Hi all, I've been at this for a few hours now, and not getting much further: I want to read a bunch of urls, listed on each seperate line in a txt file. I then want to use these seperate urls and do a DO EACH method (a nokogiri parse) for all these urls. What i'm trying now is: f = File.open("file.txt", "r") f.each_line do |lijn| searchableurl = Nokogiri::HTML (lijn) It is not giving an error, nor is it working. Another I've been trying: f = File.open("file.txt", "r") while !f.eof? line = f.readline searchableurl = Nokogiri::HTML(line) Is this the wrong way of getting and then using each url?
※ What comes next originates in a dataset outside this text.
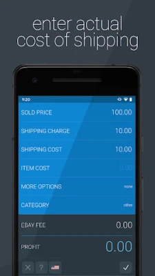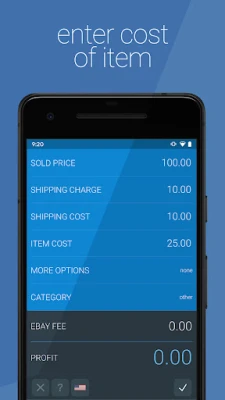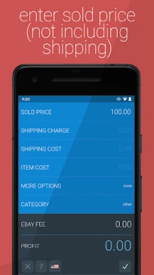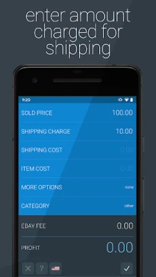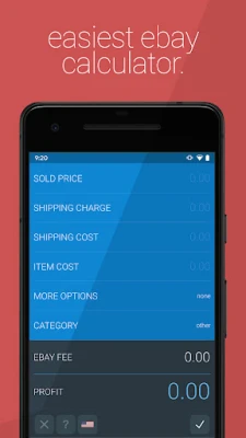 The eBay calculator app easily calculates your profits from eBay sales. This free app breaks down the fees charged by eBay and calculates your net profit based on total sale price, shipping cost, item cost, and any other applicable options.

Does it have to do with linebreaks? thanks.
on 2012-10-09 16:51
on 2012-10-09 17:07
On Tue, Oct 9, 2012 at 4:51 PM, Sybren Kooistra <email@example.com> wrote: > > f = File.open("file.txt", "r") > f.each_line do |lijn| Better to use the block forms: File.foreach("file.txt") do |line| end This way the file is properly closed. > searchableurl = Nokogiri::HTML (lijn) That method receives the HTML string, not the URL. You need to read its contents first: require 'open-uri' Nokogiri::HTML(open(line)) Jesus.
on 2012-10-09 17:22
Jesus, thanks a million. It works. One more question: since I'm going to use this method on a txt file with hundreds of thousands of urls, is this the best method, or does it save to much in memory?